KBC Ireland to refund up to €12.9m of legal costs in arrears cases
					

PTSB and EBS have also refunded legal costs after Central Bank intervention in late 2019




					www.irishtimes.com
				




If so, you should get a refund. 

Some fairly substantial refunds as well. 

KBC average: €2,875

ptsb: €2,400

EBS: €400


----------



## Muddle2018 (20 Jan 2021)

I was charged legal fees and when I queried it when getting my redress I was told it was already dealt with and that I had fallen into arrears prior to my tracker being removed which actually was not the case although it was a month or two after. I send in a letter asking them to review my case and told I was due no further compensation but they charged at the time over 4k to my account. It was KBC.


----------



## Brendan Burgess (20 Jan 2021)

What redress did you get for the tracker? 

As part of the tracker review, the fees should have been refunded to you as part of the redress.

So they would be correct in not giving them to you twice.

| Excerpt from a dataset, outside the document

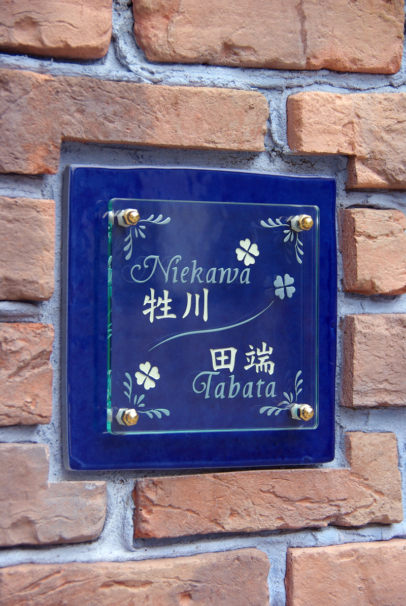 タイルのインディゴブルーの色が本当に素敵です。 そしてガラスの文字と、表札に掘り込まれた文字が素敵にマッチしています。 私の大好きなクローバーも、ガラスとタイルの二種類のバランスがとてもよくて、本当にすばらしい仕上がりに家族一同感動しました。 今から新居に取り付ける日が待ち遠しいです。 ありがとうございました。 返信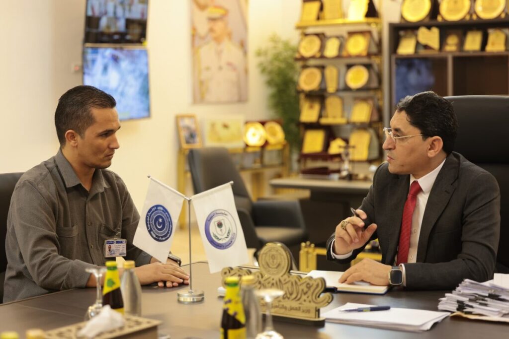 في إطار سعي وزارة العمل والتأهيل بحكومة الوحدة الوطنية، المستمر لتطوير قدرات موظفيها وتعزيز أدائهم المهني، عقد وزير العمل والتأهيل، عبدالله الشارف أرحومة، اجتماعًا مساء اليوم الأربعاء بمكتبه بمقر الوزارة في مبنى (1) بمدينة سرت، مع المهندس وسام الهمالي منصور، مدير إدارة الموارد البشرية.

but if you set out your redress calculations clearly , we can review them for you.

Brendan


----------



## Muddle2018 (20 Apr 2021)

Sorry to only come back to you now but it actually went out of my head for other reasons but out of the blue two weeks ago I got a letter from KBC telling me that they had charged legal fees to my account and that they are looking for my bank details in order to pay it all back to me. They obviously cant put it off the mortgage as I got ex off the mortgage and deeds so we closed one account and I basically got a whole new mortgage by myself so they are hopefully soon going to transfer me the money they owe which turns out to be just over 5k.


----------



## Muddle2018 (10 May 2021)

Anyone issues with getting legal fees back? I have been on the phone to about 5 different people and despite getting a letter, asking for the payment authorisation form to be completed, a call back to confirm the bank details I have not been able to get any satisfaction off them and now absolutely nobody in KBC seems to have any idea what I am on about.  Absolute madness.


----------



## Thirsty (15 May 2021)

Muddle2018 said:


> on the phone to about 5 different people


I say this again and again, don't bother with phone calls. Write; ideally to a named person, keep copies. Give them 30 days to reply or you'll escalate.


----------



## Brendan Burgess (15 May 2021)

Hi Thirsty

It does not matter how often you say it. 

The right thing to do is to call and then follow up with a letter.

Brendan


----------



## Thirsty (16 May 2021)

@Brendan - why do you say a phone call is the "right thing" to do?

This isn't a social call; you're not enquiring after some one's health or wishing them happy birthday.

Why waste time on a phone call? In cases like this, what does it achieve?


----------



## Muddle2018 (17 May 2021)

I phoned a few times, I sent two emails and a letter. I finally got a call back on Friday evening and got it sorted but my god the hoops you have to go through with them just to get to talk to someone who has a clue. Awful shower to deal with - unless you owe them money of course and they call you every chance they get.


----------